# [Data]
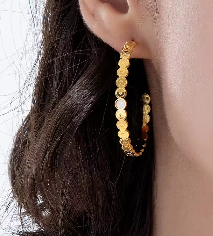 The Harlow Hoop w/ Pearl Accent - 18K Plated - GOLD
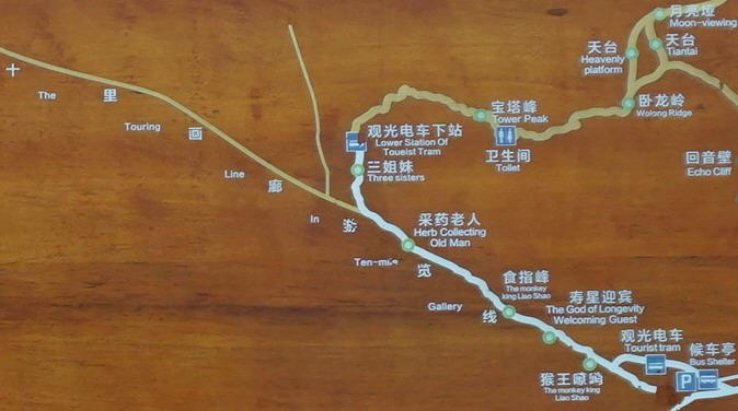 从百丈绝壁沿路一直走十来分钟就到停车场,根据自己的行程不同的 通道 排队坐环保车,车满即走,不需要等很久
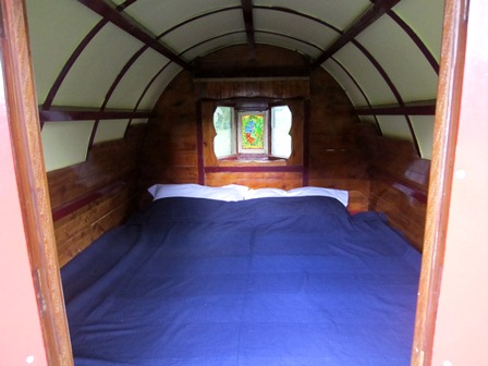 We have also added a lovely new out side bedroom in the form of a beautiful Gypsy wagon which people staying at the Mill Retreat Centre can choose if they want, it has a luxurious huge queens size bed inside and a cosy heater, with stained glass window, and is situated just next to the river and lake, it is just so fun to be in, so we think it will be an idyllic option for people who like to be closer to nature. See photos of outside and inside the wagon.
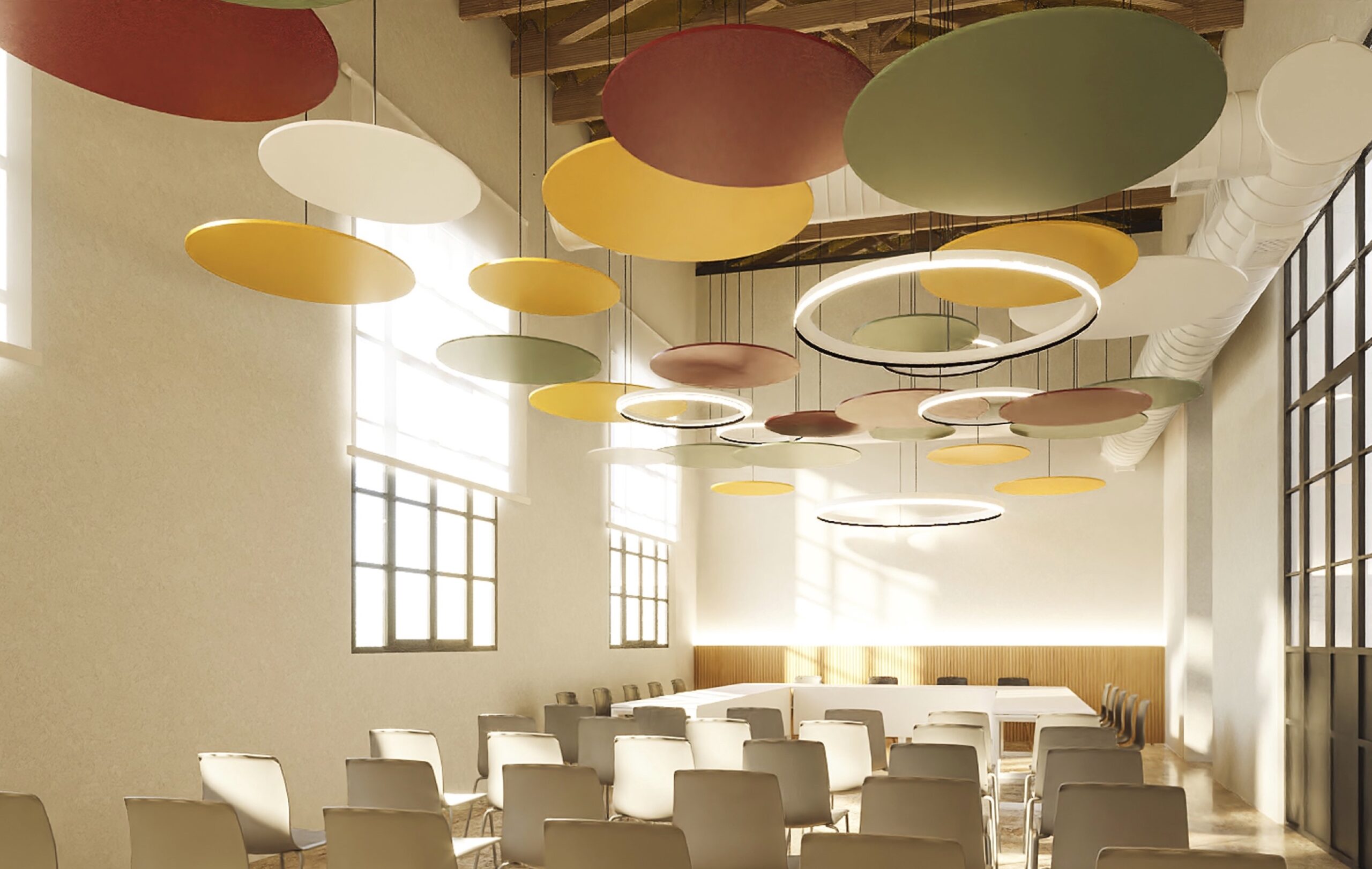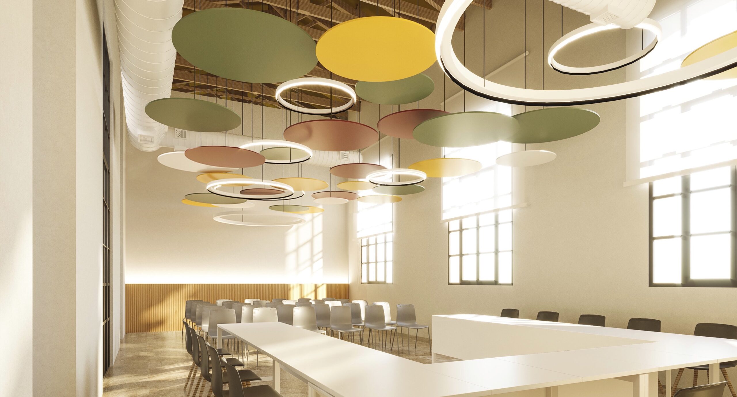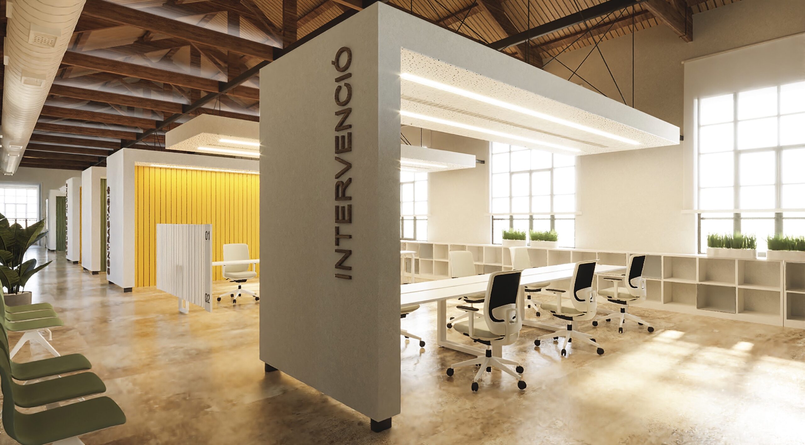 Així les coses es preveuen espais de treball diàfans, separats per envans de separació entre els diferents departaments, amb una estètica moderna i respectant les característiques de l’edifici, com els sostres de fusta. En la planta baixa hi haurà diferents zones de treball, despatxos i la sala de plens, amb una capacitat entre 30 i 40 persones.

# [Task requirements]
The answer must be the full listing, exact in every line, with the pictures removed.

# [Solved exercise]
 The Harlow Hoop w/ Pearl Accent - 18K Plated - GOLD
 从百丈绝壁沿路一直走十来分钟就到停车场,根据自己的行程不同的 通道 排队坐环保车,车满即走,不需要等很久
 We have also added a lovely new out side bedroom in the form of a beautiful Gypsy wagon which people staying at the Mill Retreat Centre can choose if they want, it has a luxurious huge queens size bed inside and a cosy heater, with stained glass window, and is situated just next to the river and lake, it is just so fun to be in, so we think it will be an idyllic option for people who like to be closer to nature. See photos of outside and inside the wagon.
 Així les coses es preveuen espais de treball diàfans, separats per envans de separació entre els diferents departaments, amb una estètica moderna i respectant les característiques de l’edifici, com els sostres de fusta. En la planta baixa hi haurà diferents zones de treball, despatxos i la sala de plens, amb una capacitat entre 30 i 40 persones.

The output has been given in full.